I have lived in Mexico now for 1.5 years. Not very long really. But the other day I just realized that I now feel that Mexico is home and I am at home. When I first got here, I was trying so hard to fit into Mexico. Trying to understand the people the culture, everything.. I found that I was bending over backwards trying to "fit in". All of a sudden I just was me - comfortable with being me - just as I am - in Mexico. It is a good feeling.
How long did it take you to feel yourself - comfortable with yourself in Mexico?


----------



## Anonimo (Apr 8, 2012)

I'd say that it took me about a year to feel really comfortable and at home. There were several factors. First, our move down here was very stressful, both physically and mentally.

Two, the first place we lived, for 6 months, was a small, chilly wooden cabin up in the "altos" above Pátzcuaro. We spent a winter there, freezing our nalgas off. We never got the hot water heater to produce more than 3 minutes of hot water. Additionally, the cabin was anything but secure. A gust of wind once opened our bedroom window while we were gone, but a kindly neighbor closed it. OTOH, we never had any sort of crime problem there.
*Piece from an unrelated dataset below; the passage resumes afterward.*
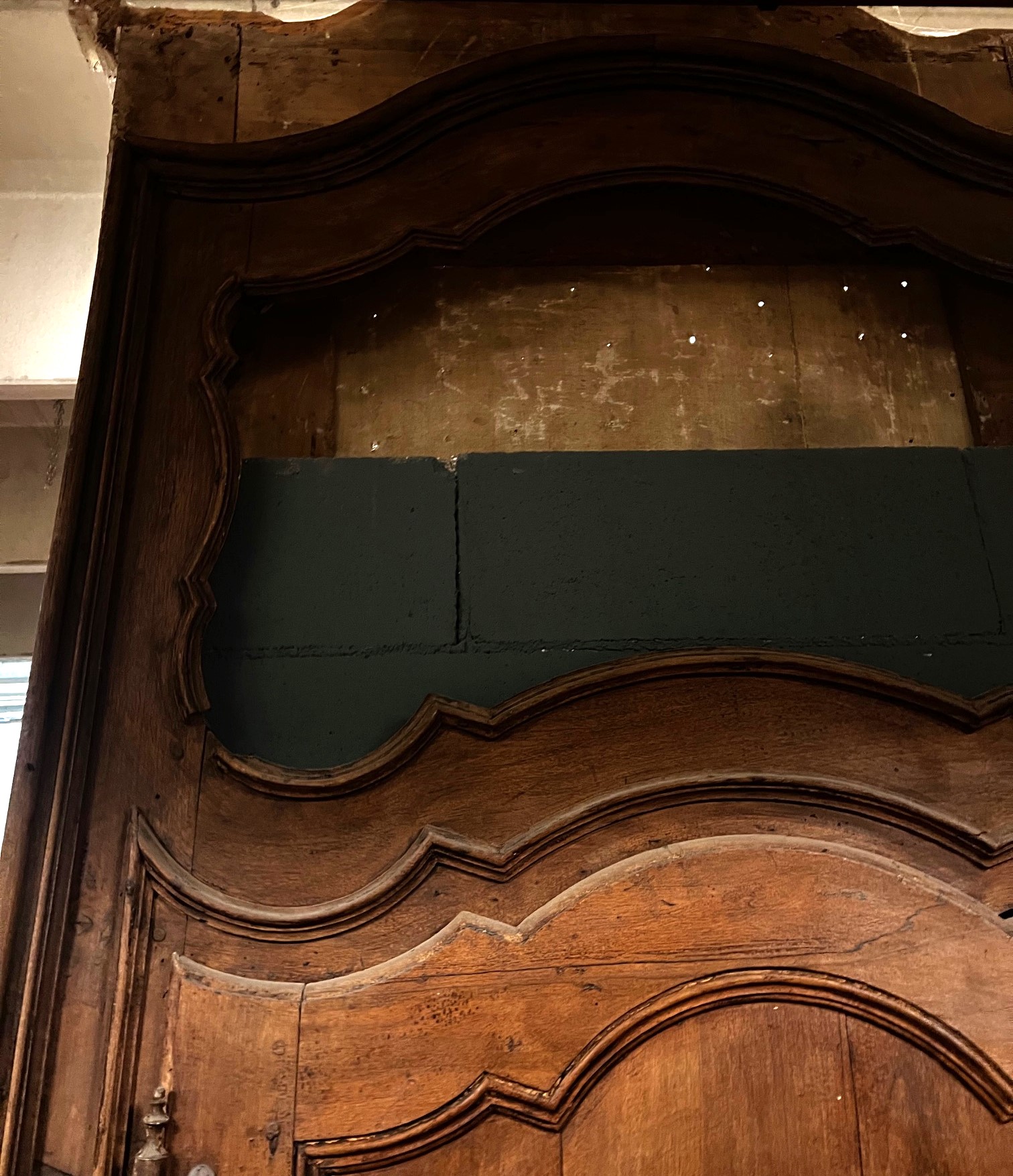 A round-arched leaf, complete with frame and overdoor with missing painting.

Our second dwelling, an acquaintance's house that we house sat for 4 1/2 months, was spacious and could be secured better. It would be only a mild exaggeration to say that insanely high utility bills cost us as much or more than the rent had at the cabin. During the rainy season, we learned that the roof was a sieve. There was a problem with birds and animals in the roof space.
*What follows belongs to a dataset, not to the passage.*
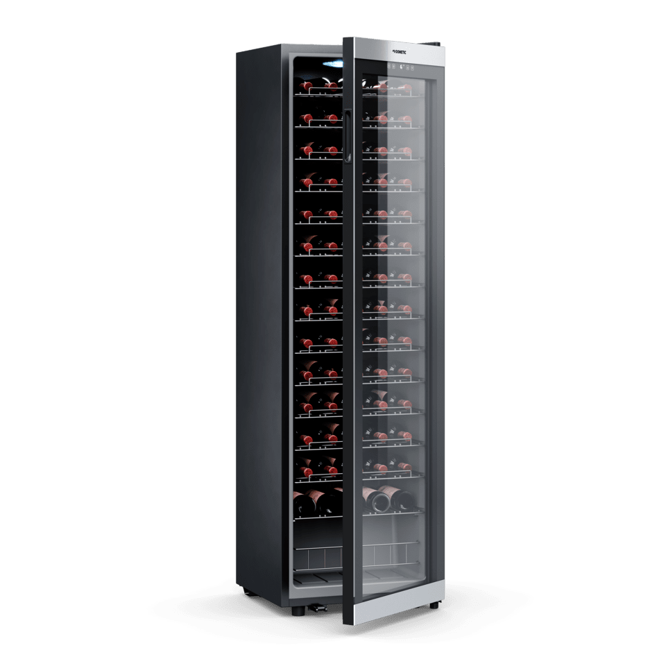 This single-zone wine cooler  C75Fis a beautiful addition to any home, restaurant or hotel bar. It has room for 75 Bordeaux bottles – attractively presented behind a 3-layer glass door and softly illuminated with a white interior light. Suitable for freestanding use.

When after a few months, a friend showed us what was to be our present home, it only took us a couple of days, if that, to decide to rent it and move in, as soon as our house sitting sit was fulfilled. We have now been in the same house going on 7 years. While the interior of the house attracted us from the start, many improvements have been made, outside and inside; mostly on the account of our excellent landlords and some on our account.
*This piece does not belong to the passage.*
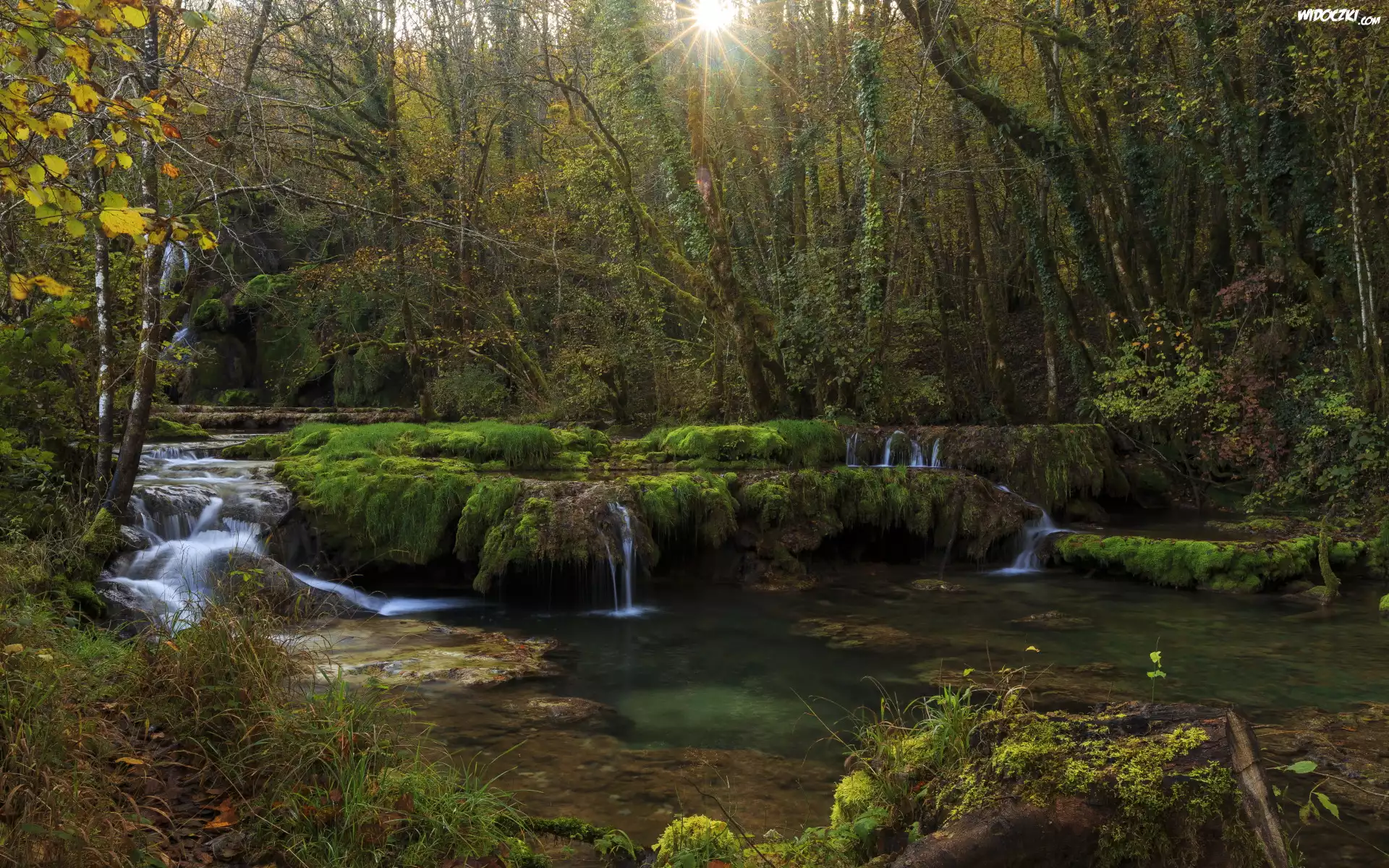 Zdjęcia, Las, Drzewa, Rzeka, Potok

I think that we have found the optimal balance in our relationship with our neighbors. We are accepted in this small community and participate in some local events but for the most part, we live our own lives here.


----------



## mes1952 (Dec 11, 2012)

I had already traveled to Mexico extensively in the past as well as involved in several romantic relationships with Mexican nationals so my move to Mexico was uneventful as I already knew what to expect with the culture, etc. Speaking Spanish is very helpful in assimilating into the culture more readily and I find people accept you more readily when there is a common language.


----------



## Guategringo (Nov 9, 2012)

It is too soon to say when or if I will feel Mexico is home since one month is too short of a time to make that decision, but as far as my 20 years in Guatemala, I can say I felt at home once I could speak the language fluently about 18 years ago. Once that was accomplished it makes everything else around you that much easier. From asking a plumber to fix something to ordering at a restaurant everything seems to feel much more like it did at home. Of course there are times when I am with my new Mexican friends or even friends from Guatemala and they start using modismos (Spellling?) or slang that I still do not understand. 

They say when you dream in another language then you have mastered it or at least are functional in it. In my case that was true and generally I dream always in Spanish now unless it involves my parents or brothers and sister and my two sons.


----------